Welcome to Software Development on Codidact!
Will you help us build our independent community of developers helping developers? We're small and trying to grow. We welcome questions about all aspects of software development, from design to code to QA and more. Got questions? Got answers? Got code you'd like someone to review? Please join us.
Can regex be used to check if input conforms to a very strict subset of HTML?
Tldr; I don't need to parse HTML, but I need to check if user submitted input conforms to a very strict subset of HTML. Can regex be a suitable tool for this?
Details
I have a frontend sanitiser that accepts user input from keystrokes and clipboard (as a wysiwyg editor) and outputs HTML with three important guarantees:
- The only tag types will be p, span, br, i, b, and u.
- The only attributes will be style and href.
- Angle brackets will only exist as part of tags; everywhere else they will be represented as HTML entities. There are some other guarantees too, but these are the ones that matter.
The sanitiser then sends the HTML to my backend as a string type. I am confident that once the HTML reaches the backend, if it contains anything that does not conform to the above specifications then it has been tampered with by a malicious user.
Before saving the HTML to disk I need to check if indeed it does conform to the above specifications. I don't need the backend to sanitise non conforming HTML, instead I will simply return an error.

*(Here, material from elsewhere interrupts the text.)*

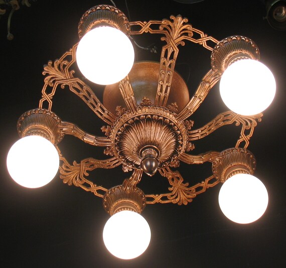 Antique 1920 S 5 Bulb Semi Flush Light Fixture Heavy Cast Etsy

It's well established that you shouldn't parse HTML with regex, but I don't really want the overhead of a full HTML parser, especially since I'm not really parsing the HTML. To check if the HTML conforms I plan to use the following regex:
-
Check if any invalid tag types:
/<\/?(?!((span(\s|>))|(p(\s|>))|(a(\s|>))|(b(\s|>))|(i(\s|>))|(u(\s|>))|(br(\s|>))|(\/\s*))).*?/gi
-
Check if any invalid attributes:
/<(.(?!>))*?\s+?(?!(href|style)).*?>/gi
I don't really care if the HTML itself is invalid - if the user somehow submits <p></span></p>>><br href="./></span>
then that's their loss - this is to ensure the HTML can't load any scripts or run any events.
Question
Is using regex in this way a watertight method of ensuring no scripts or events can be attached to user submitted HTML?
4 answers
tl;dr
Although it can be done with regex (and work for "most" cases), I still prefer to use a parser.
Long answer
I'd use something such as DOMParser
to do the job:
let validTags = ['p', 'span', 'br', 'i', 'b', 'u'];
let validAttribs = ['style', 'href'];
function validHtml(string) {
let domparser = new DOMParser();
let doc = domparser.parseFromString(string, 'application/xml');
for (const node of doc.querySelectorAll('*')) {
if (! validTags.includes(node.nodeName)) return false;
for (const attr of node.attributes) {
if (! validAttribs.includes(attr.name)) return false;
}
}
return true;
}
console.log(validHtml('<p></span></p>>><br href="./></span>')); // false
console.log(validHtml('<p onclick="alert(\'hi\')"></p>')); // false
console.log(validHtml('<p style="padding: 2px">Lorem <span>ipsum <b>dolor</b> sit <u>amet</u></span></p>')); // true
console.log(validHtml('<p class="whatever">Lorem <span>ipsum <b>dolor</b> sit <u>amet</u></span></p>')); // false
console.log(validHtml('abc')); // false
With this, not only I can easily update the rules (change the arrays of valid tags and attributes), but also validate the HTML itself - according to the docs, when the string is invalid, parseFromString
returns an error document:
<parsererror xmlns="http://www.mozilla.org/newlayout/xml/parsererror.xml">
(error description)
<sourcetext>(a snippet of the source XML)</sourcetext>
</parsererror>
So, when checking it in the for
loop, it will enter the first if
(because the tag parseerror
is not in the array of valid tags) and it'll return false
as well.
You told you don't care if the HTML is valid, but even without that restriction, doing it with regex is - IMO - much worse. I could think of something like this:
function validHtml(string) {
// check if it has invalid tag
let tags = /<(?!\b([piu]|span|br?)\b)[^>]*>/;
// check if tag is valid, but with an invalid attribute
let attributes = /<\b([piu]|span|br?)\b[^>\w]*(?!\b(href|style)\b=[^>]*)\w[^>]*>/;
return (! tags.test(string)) || (! attributes.test(string));
}
console.log(validHtml('<p></span></p>>><br href="./></span>')); // true
console.log(validHtml('<p onclick="alert(\'hi\')"></p>')); // false
console.log(validHtml('<p style="padding: 2px">Lorem <span>ipsum <b>dolor</b> sit <u>amet</u></span></p>')); // true
console.log(validHtml('<p class="whatever">Lorem <span>ipsum <b>dolor</b> sit <u>amet</u></span></p>')); // false
console.log(validHtml('abc')); // true
The only difference between this and the first example is the first and the last cases. In the first case, the HTML is invalid, although it has all the valid tags (so the regex says it's valid). And in the last case, the string is not even HTML at all, but the regex also says it's valid - and this also happens with strings like ' '
and '!@#$%¨&*'
.
But the problem here is - IMO - how easy/hard is to read, understand and maintain each one of the options. I think the first one with DOMParser
is much easier - and you have more control over the structure (having DOM nodes, you can easily check whatever information they have, making it easier to change the criteria - such as check attribute values, comments, text nodes and so on).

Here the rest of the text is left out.